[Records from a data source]

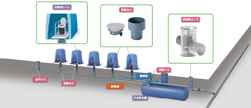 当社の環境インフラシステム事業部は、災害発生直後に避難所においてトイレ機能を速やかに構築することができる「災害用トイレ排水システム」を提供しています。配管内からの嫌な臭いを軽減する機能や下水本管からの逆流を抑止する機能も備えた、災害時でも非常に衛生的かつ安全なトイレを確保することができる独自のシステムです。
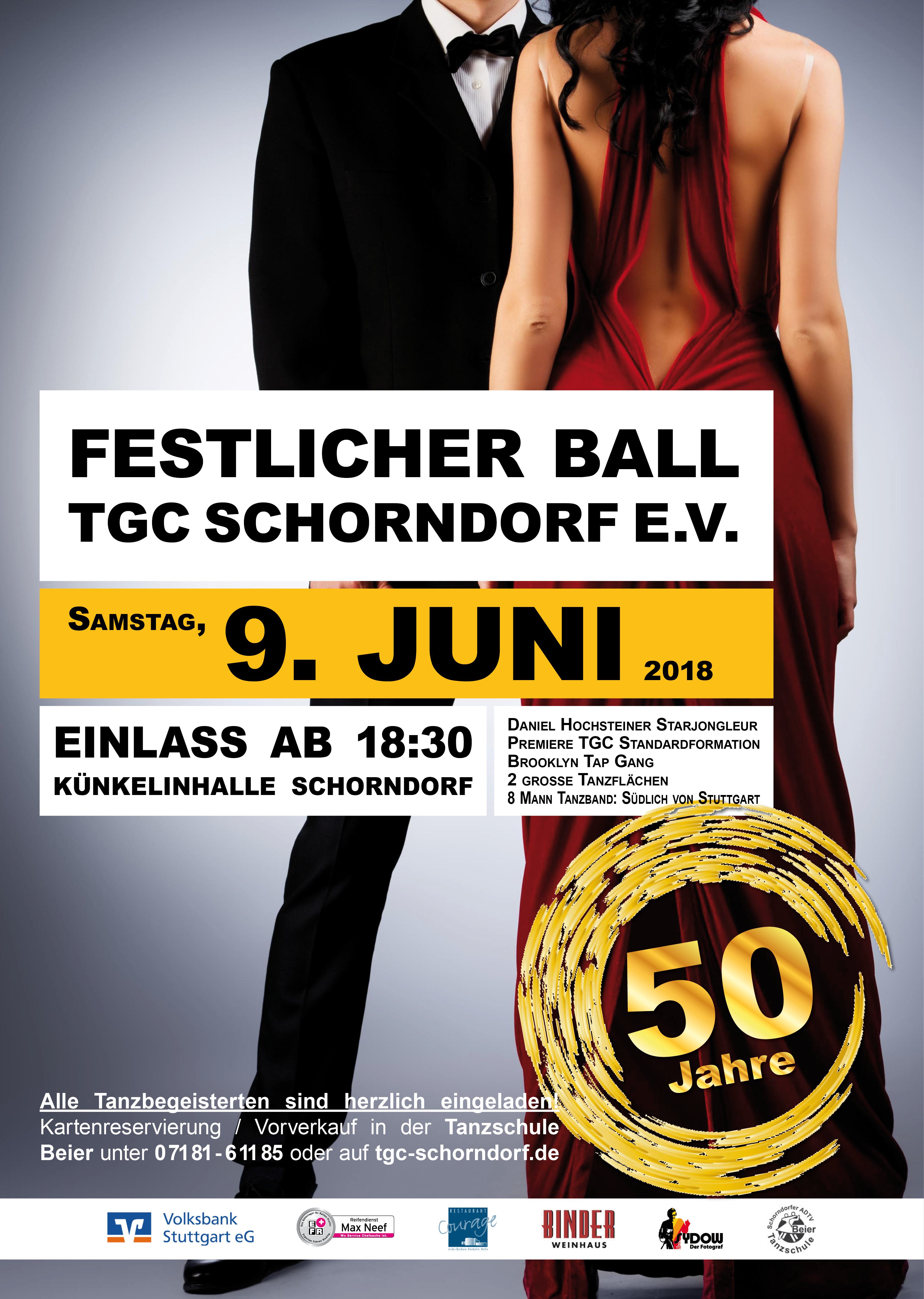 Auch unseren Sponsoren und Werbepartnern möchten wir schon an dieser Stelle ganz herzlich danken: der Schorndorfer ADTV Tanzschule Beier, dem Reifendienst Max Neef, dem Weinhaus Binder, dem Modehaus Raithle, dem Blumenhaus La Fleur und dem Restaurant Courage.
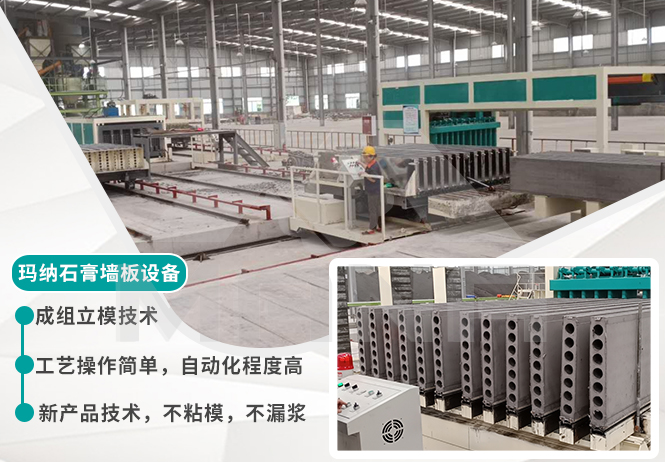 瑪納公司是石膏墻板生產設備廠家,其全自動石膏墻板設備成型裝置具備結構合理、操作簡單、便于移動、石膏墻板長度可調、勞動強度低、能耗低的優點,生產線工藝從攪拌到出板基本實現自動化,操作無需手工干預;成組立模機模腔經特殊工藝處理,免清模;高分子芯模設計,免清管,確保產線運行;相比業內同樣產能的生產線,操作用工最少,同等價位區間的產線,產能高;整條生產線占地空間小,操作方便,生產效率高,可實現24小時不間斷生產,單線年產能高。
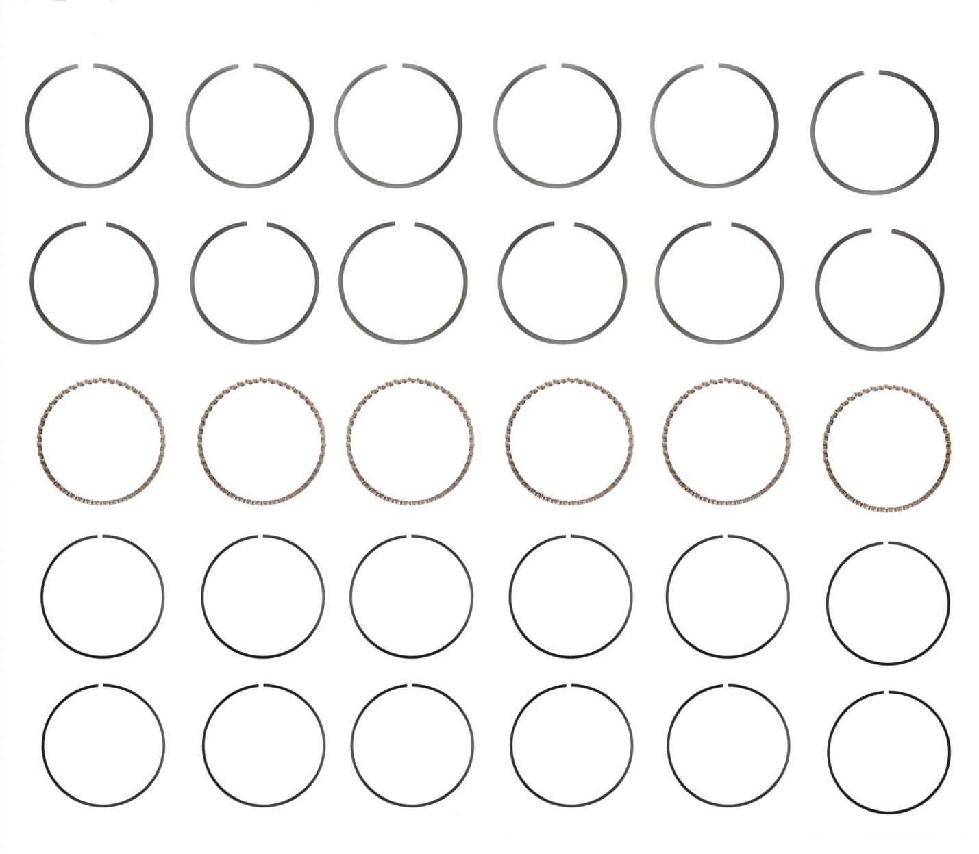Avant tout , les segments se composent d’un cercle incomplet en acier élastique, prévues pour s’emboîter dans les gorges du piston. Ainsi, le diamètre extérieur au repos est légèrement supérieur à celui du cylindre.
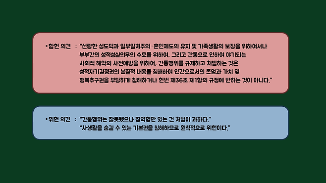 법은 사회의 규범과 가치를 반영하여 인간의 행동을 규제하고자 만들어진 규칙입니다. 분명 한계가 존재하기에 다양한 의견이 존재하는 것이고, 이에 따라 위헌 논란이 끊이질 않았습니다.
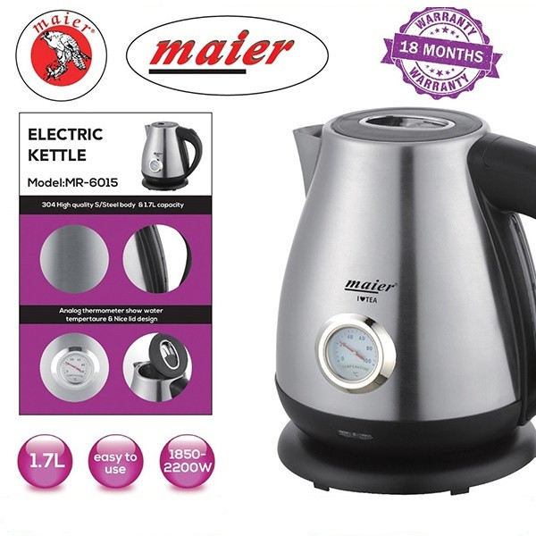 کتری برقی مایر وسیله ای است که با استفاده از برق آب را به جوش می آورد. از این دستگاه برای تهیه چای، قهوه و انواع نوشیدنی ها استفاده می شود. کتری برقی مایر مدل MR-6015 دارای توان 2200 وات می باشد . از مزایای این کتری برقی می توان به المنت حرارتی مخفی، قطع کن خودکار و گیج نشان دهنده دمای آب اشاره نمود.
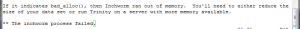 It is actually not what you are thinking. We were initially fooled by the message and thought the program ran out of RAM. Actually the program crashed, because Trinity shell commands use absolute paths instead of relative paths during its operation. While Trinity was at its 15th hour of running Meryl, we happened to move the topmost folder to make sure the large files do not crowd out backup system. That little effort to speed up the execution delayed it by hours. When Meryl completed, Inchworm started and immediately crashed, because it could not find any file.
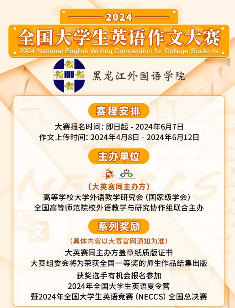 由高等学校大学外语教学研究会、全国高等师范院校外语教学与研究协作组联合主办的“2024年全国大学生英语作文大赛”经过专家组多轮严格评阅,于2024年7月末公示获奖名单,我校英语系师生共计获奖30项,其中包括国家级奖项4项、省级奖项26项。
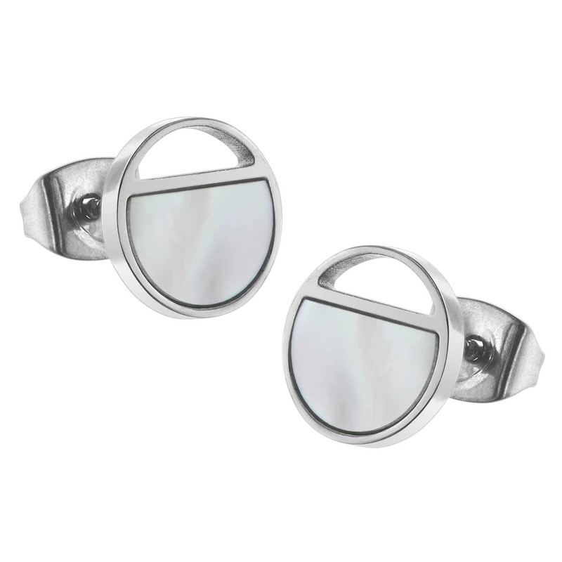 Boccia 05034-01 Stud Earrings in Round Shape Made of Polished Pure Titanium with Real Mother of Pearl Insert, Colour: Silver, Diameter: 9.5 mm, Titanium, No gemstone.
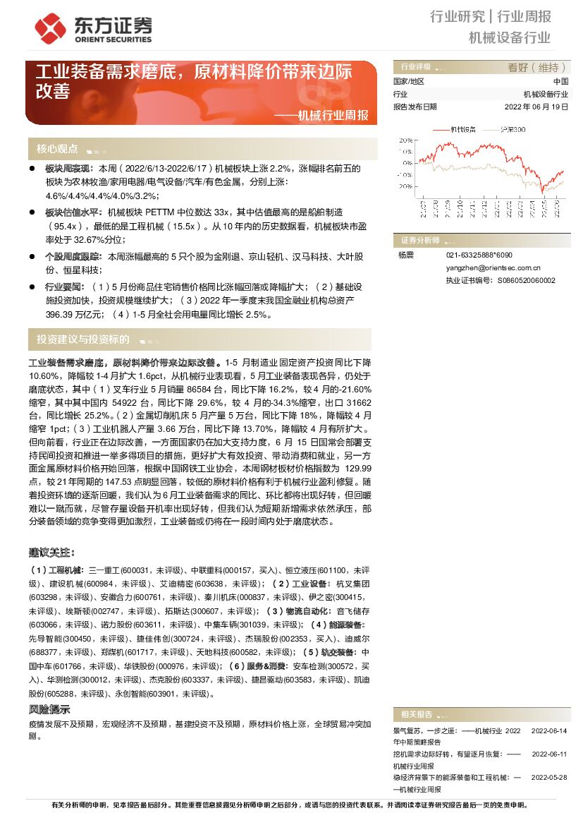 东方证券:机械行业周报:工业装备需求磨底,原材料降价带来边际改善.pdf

**PROBLEM DETAILS:** The entries should be printed again exactly as written, leaving all pictures out.

**RESPONSE TO THIS EXERCISE:**
 当社の環境インフラシステム事業部は、災害発生直後に避難所においてトイレ機能を速やかに構築することができる「災害用トイレ排水システム」を提供しています。配管内からの嫌な臭いを軽減する機能や下水本管からの逆流を抑止する機能も備えた、災害時でも非常に衛生的かつ安全なトイレを確保することができる独自のシステムです。
 Auch unseren Sponsoren und Werbepartnern möchten wir schon an dieser Stelle ganz herzlich danken: der Schorndorfer ADTV Tanzschule Beier, dem Reifendienst Max Neef, dem Weinhaus Binder, dem Modehaus Raithle, dem Blumenhaus La Fleur und dem Restaurant Courage.
 瑪納公司是石膏墻板生產設備廠家,其全自動石膏墻板設備成型裝置具備結構合理、操作簡單、便于移動、石膏墻板長度可調、勞動強度低、能耗低的優點,生產線工藝從攪拌到出板基本實現自動化,操作無需手工干預;成組立模機模腔經特殊工藝處理,免清模;高分子芯模設計,免清管,確保產線運行;相比業內同樣產能的生產線,操作用工最少,同等價位區間的產線,產能高;整條生產線占地空間小,操作方便,生產效率高,可實現24小時不間斷生產,單線年產能高。
Avant tout , les segments se composent d’un cercle incomplet en acier élastique, prévues pour s’emboîter dans les gorges du piston. Ainsi, le diamètre extérieur au repos est légèrement supérieur à celui du cylindre.
 법은 사회의 규범과 가치를 반영하여 인간의 행동을 규제하고자 만들어진 규칙입니다. 분명 한계가 존재하기에 다양한 의견이 존재하는 것이고, 이에 따라 위헌 논란이 끊이질 않았습니다.
 کتری برقی مایر وسیله ای است که با استفاده از برق آب را به جوش می آورد. از این دستگاه برای تهیه چای، قهوه و انواع نوشیدنی ها استفاده می شود. کتری برقی مایر مدل MR-6015 دارای توان 2200 وات می باشد . از مزایای این کتری برقی می توان به المنت حرارتی مخفی، قطع کن خودکار و گیج نشان دهنده دمای آب اشاره نمود.
 It is actually not what you are thinking. We were initially fooled by the message and thought the program ran out of RAM. Actually the program crashed, because Trinity shell commands use absolute paths instead of relative paths during its operation. While Trinity was at its 15th hour of running Meryl, we happened to move the topmost folder to make sure the large files do not crowd out backup system. That little effort to speed up the execution delayed it by hours. When Meryl completed, Inchworm started and immediately crashed, because it could not find any file.
 由高等学校大学外语教学研究会、全国高等师范院校外语教学与研究协作组联合主办的“2024年全国大学生英语作文大赛”经过专家组多轮严格评阅,于2024年7月末公示获奖名单,我校英语系师生共计获奖30项,其中包括国家级奖项4项、省级奖项26项。
 Boccia 05034-01 Stud Earrings in Round Shape Made of Polished Pure Titanium with Real Mother of Pearl Insert, Colour: Silver, Diameter: 9.5 mm, Titanium, No gemstone.
 东方证券:机械行业周报:工业装备需求磨底,原材料降价带来边际改善.pdf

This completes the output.